◆ **DIRECTIONS**:
Below is a listing; retype exactly the lines between the one containing "Цитра циньХарактерной особенностью" and the one containing "Kosz na rower", inclusive, minus the pictures.

RECORDS: Begin

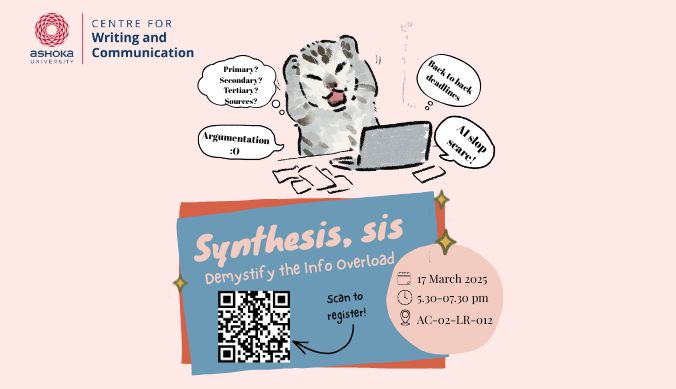 This workshop by the Centre of Writing and Communication introduces students to academic synthesis, a method that builds transferable skills to actively process multiple texts in tandem, and substantiate their argument. Focusing on simulating a student’s day-to-day study material, including lectures, reading texts, and other secondary data, it will prompt students to connect multimodal resources and move beyond summarising, towards an original act of creation. Through a proposed framework that enables the recording, analysing and interacting of sources, the workshop attempts to train students to contend with the oft-overwhelming volume of study material while also enriching their own insights.
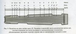 Цитра циньХарактерной особенностью цитры цинь [3] является отсутствие ладов и такая разметка деки, которая, по сути, их заменяет и соответствует главным акустическим узлам, возникающим при колебаниях струны. В настоящее время известно, что при колебании струны звучат различные гармоники, т.е. призвуки, в совокупности с основным тоном имеющие частоты, которые находятся в отношении натурального ряда чисел (1:2:3:4:5 и т.д.) и образуются за счет колебаний соответствующих отрезков струны. На струне имеются как пункты, в которых вибрации этих гармоник отсутствуют – узлы, так и пункты, в которых они имеют максимальную амплитуду – пучности. Похоже, что создатели цитры цинь [3] знали об этом. Для разметки деки используются перламутровые или костяные кружочки хуй, вмонтированные в корпус рядом с самой толстой струной (рис. 9). Этих кружочков 13, их счет ведется справа налево, и расположены они строго симметрично относительно центра. Хуй обозначают отрезки струн, выражаемые дробями от
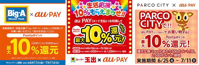 au PAYは、対象店舗を限定してお得なキャンペーンを実施中。6月11日~7月11日の期間でビッグ・エー、6月18日~7月18日の期間でスーパー出玉、6月25日~7月11日でPARCO CITYで10%還元する。還元上限は、いずれも1au ID当たり500ポイント/回、1000ポイント/期間。
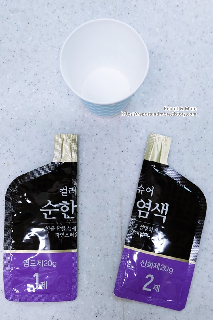 종이컵, 1제 염모제, 2제 산화제를 준비합니다.
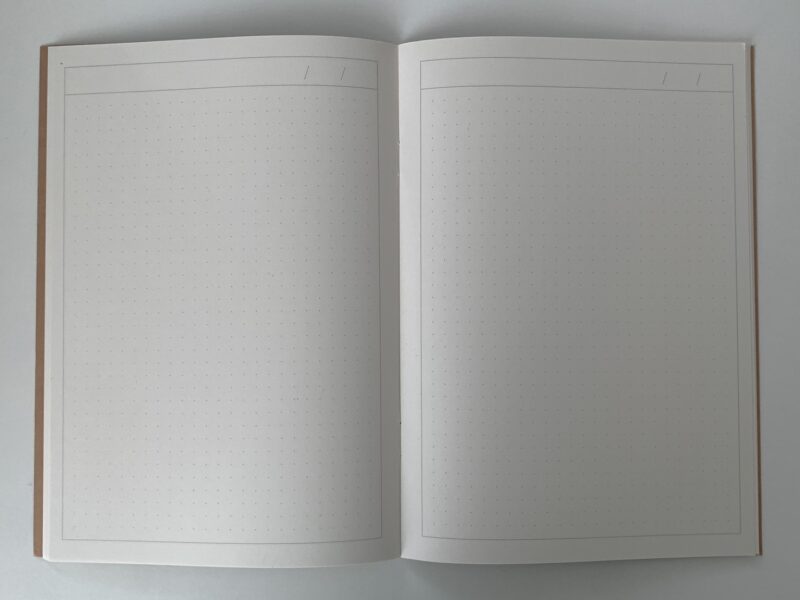右上に日付を書く欄があり、ドット方眼のノートです。
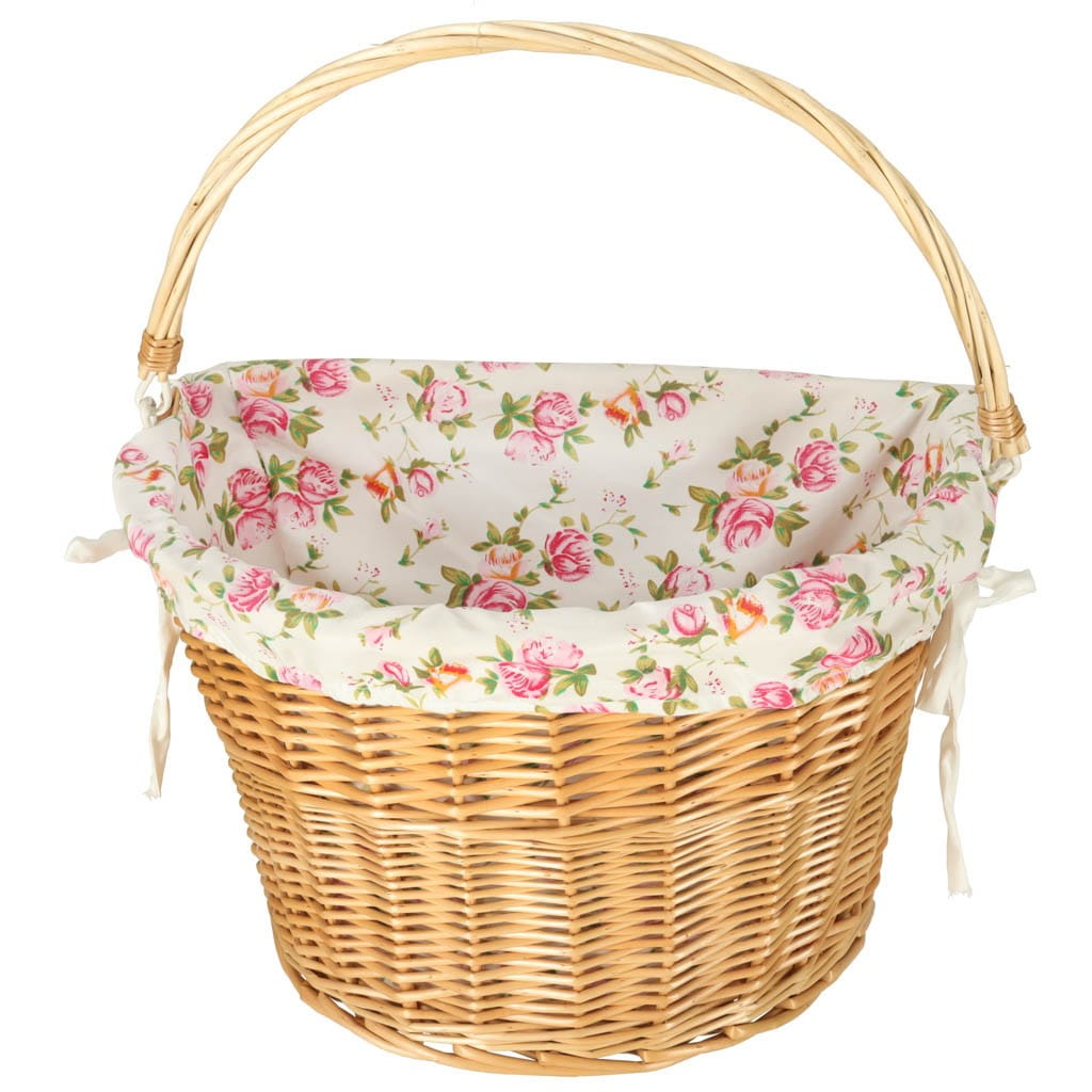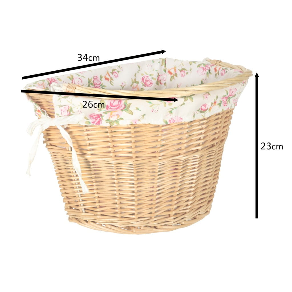 Kosz na rower z wikliny przyda się podczas każdej przejażdżki! Jest pojemny, dzięki czemu bez problemu umieścisz w nim torebkę, plecak, a nawet zakupy. Posiada materiałowy wkład w kwiatowy wzór.
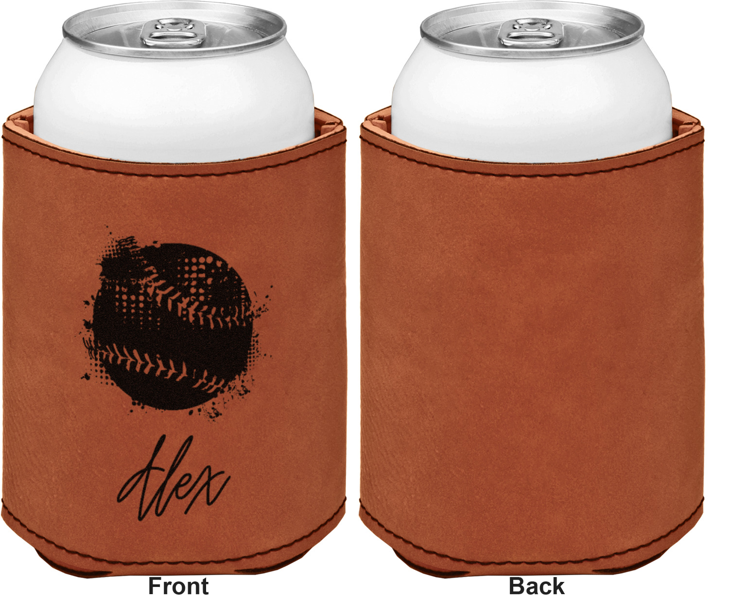 This can sleeve is made from a cognac-brown leatherette and stitched with a sturdy, black thread. A slim padding lines the inside of your can sleeve to allow for a better fit once your drink is inserted. The sleeve itself measures at 4 by 4.5 inches, allowing this custom can sleeve to accommodate most canned drinks. Your personalized design can be engraved on the front and back, or solely the front. When laser-engraved, your design appears as a black coloration which contrasts the leatherette nicely.

RECORDS: End

◆ **RESULT OF THE EXERCISE**:
 Цитра циньХарактерной особенностью цитры цинь [3] является отсутствие ладов и такая разметка деки, которая, по сути, их заменяет и соответствует главным акустическим узлам, возникающим при колебаниях струны. В настоящее время известно, что при колебании струны звучат различные гармоники, т.е. призвуки, в совокупности с основным тоном имеющие частоты, которые находятся в отношении натурального ряда чисел (1:2:3:4:5 и т.д.) и образуются за счет колебаний соответствующих отрезков струны. На струне имеются как пункты, в которых вибрации этих гармоник отсутствуют – узлы, так и пункты, в которых они имеют максимальную амплитуду – пучности. Похоже, что создатели цитры цинь [3] знали об этом. Для разметки деки используются перламутровые или костяные кружочки хуй, вмонтированные в корпус рядом с самой толстой струной (рис. 9). Этих кружочков 13, их счет ведется справа налево, и расположены они строго симметрично относительно центра. Хуй обозначают отрезки струн, выражаемые дробями от
 au PAYは、対象店舗を限定してお得なキャンペーンを実施中。6月11日~7月11日の期間でビッグ・エー、6月18日~7月18日の期間でスーパー出玉、6月25日~7月11日でPARCO CITYで10%還元する。還元上限は、いずれも1au ID当たり500ポイント/回、1000ポイント/期間。
 종이컵, 1제 염모제, 2제 산화제를 준비합니다.
右上に日付を書く欄があり、ドット方眼のノートです。
 Kosz na rower z wikliny przyda się podczas każdej przejażdżki! Jest pojemny, dzięki czemu bez problemu umieścisz w nim torebkę, plecak, a nawet zakupy. Posiada materiałowy wkład w kwiatowy wzór.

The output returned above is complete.